4. Protection of vital interests - a narrow, exceptional basis, which is mainly applied in medical emergency situations where the data subject is physically or legally unable to express consent. It is practically inapplicable for commercial purposes.

5. Public interest - a basis primarily intended for public institutions.

6. Legitimate interest — the controller or a third party may have a justified interest in processing the data, provided that this interest overrides [Note: "ჭარბობს" literally means outweighs/prevails over] the fundamental rights and interests of the data subject. The direct assessment of the aforementioned is quite difficult and necessitates a prior examination of complete documentation.

For Special Category Data

Processing of this category is prohibited by default - except for the exceptions directly provided for by the Law. The most frequently used basis is written consent, which differs from standard consent: oral or implied consent is not sufficient - the Law requires a signed or electronic form.

Part V: Main Obligations of Business

1. Transparency and Providing Information

A personal data processing policy is mandatory, but it cannot replace a short, comprehensible notice at the moment of data collection. When filling out a form, or opening an account - the data subject must receive information regarding:

• Who is processing the data

• For what purpose it is being processed

• On what legal basis

• DPO contact details (if appointed)

• Data recipients (third parties, transferring countries)

• Storage term

• Rights of the data subject

Important Matters to Consider: A Practical Checklist for Business

Compliance with the Law begins not with legal documents, but with simple questions - what are you processing, why, and how. Below are the issues that every company must verify.

Data Inventory. Check what categories of personal data you have - of clients, employees, guests. Ascertain where it is stored (on a local server, in the cloud, in email), who has access to it, and, what is particularly important - for what term. Data that is stored for a term longer than established constitutes a violation of the Law. If it is impossible to determine a specific term, a specific purpose must be defined for the achievement of which the data is stored, and after the achievement of the said purpose, it must be deleted and/or stored in a depersonalized form.

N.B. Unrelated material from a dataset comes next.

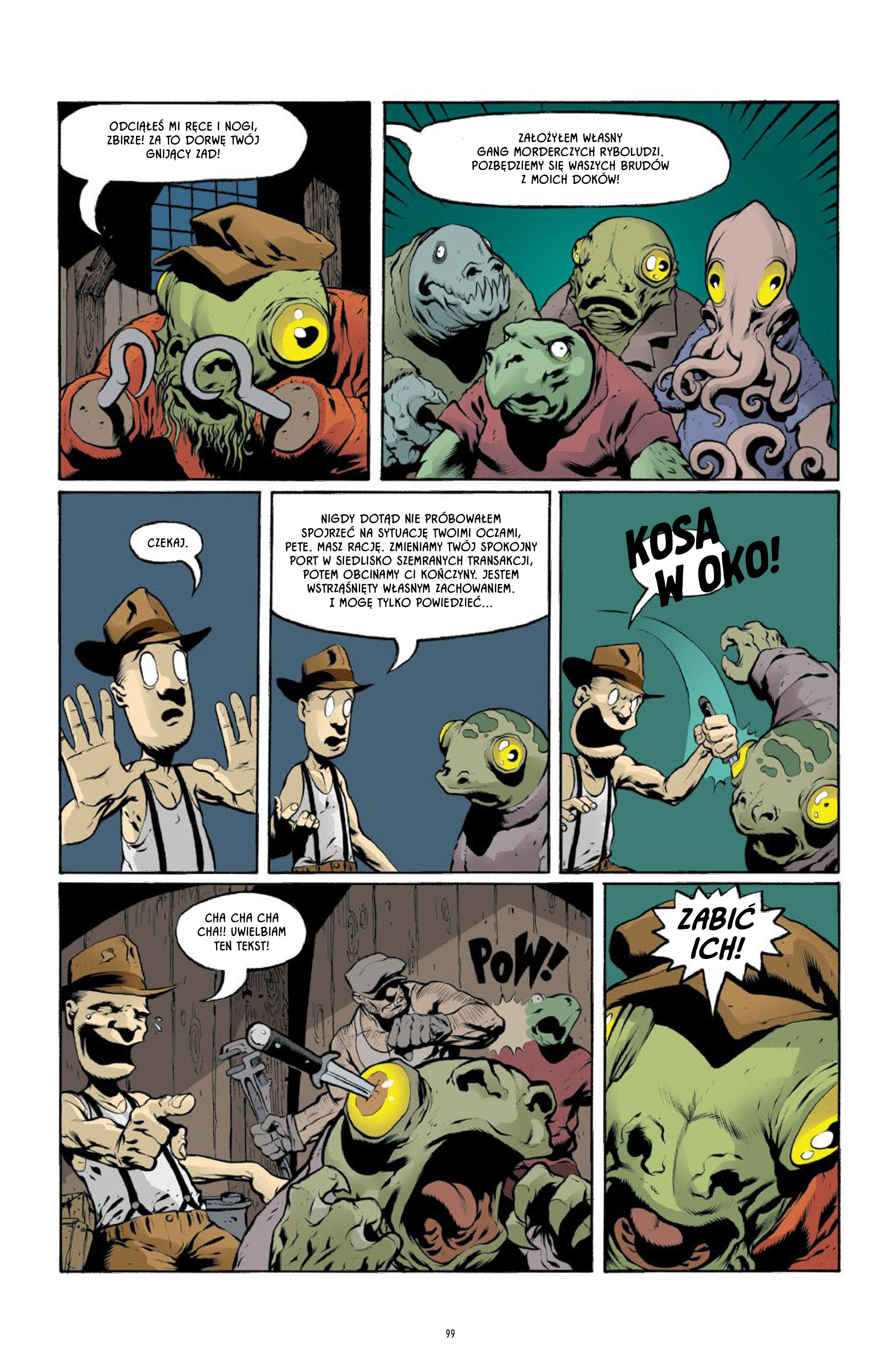 Zniewieściałe wampiry, niezaspokojony podwodny potwór, pająk – hazardzista z zaległymi alimentami – ogromna zombie-małpa, potępiony szeryf, święty Mikołaj, foka-jasnowidzka, szalony naukowiec… to tylko kilka barwnych postaci przewijających się przez przygody dwójki głównych bohaterów, czasem stanowiąc tylko niezbędny element do popchnięcia fabuły, a innym razem zyskują całkiem nowego, głębszego znaczenia, wywracając do góry nogami dotychczasowy punkt widzenia czytelnika. Eric Powell stworzył dzieło, w którym zdaje się mógłby umieścić dosłownie każdego bohatera kiedykolwiek wymyślonego przez kogokolwiek, i nie byłaby on nie na miejscu. To w główniej mierze dzięki temu, gościnna obecność Hellboya (najsłynniejszego dziecka Mike’a Mignoli) nie jest tu niczym dziwnym, idealnie wpasował się on do świata Zbira, jak gdyby od zawsze w nim egzystował.

Video Monitoring. If video cameras are used in the company, the Law establishes exact requirements: the purpose of recording must be defined, data subjects must be informed - by a visible warning sign, and the storage term of the recording must be fixed. Special caution is required if the camera monitors a workplace - in such a case, an additional basis is required. The mere argument that video monitoring in the workspace is necessary in order to verify the work efficiency of employees is unjustified.

Audio Monitoring. The aforementioned is quite sensitive and entails risks. The company must consider that audio monitoring is permissible in the following cases: a) with the consent of the data subject; b) to produce a protocol record; c) to protect a significant legitimate interest of the person responsible for processing [Controller (დამუშავებისთვის პასუხისმგებელი პირი)], provided that appropriate and specific measures are defined to protect the rights and interests of the data subject; d) in other cases directly provided for by the legislation of Georgia. Therefore, in the event of a desire to conduct audio monitoring, it is recommended that the company undergo detailed consultation. [Translator's note: The original text ends abruptly without terminal punctuation; translated as written].

Direct Marketing. Check on what basis you are sending promotional SMS or emails. A list that was "collected sometime" or "purchased directly" is not sufficient. Prior, withdrawable consent is required. Furthermore, if consent was not obtained from a specific person and they refused the processing of data for the purpose of direct marketing, disregarding the aforementioned will result in a sanction.

Informing Employees. The most frequent "loophole" in personal data protection is the human factor. It is mandatory that every employee be trained and informed, both regarding the processing of their personal data and regarding the company's policy that exists in this direction.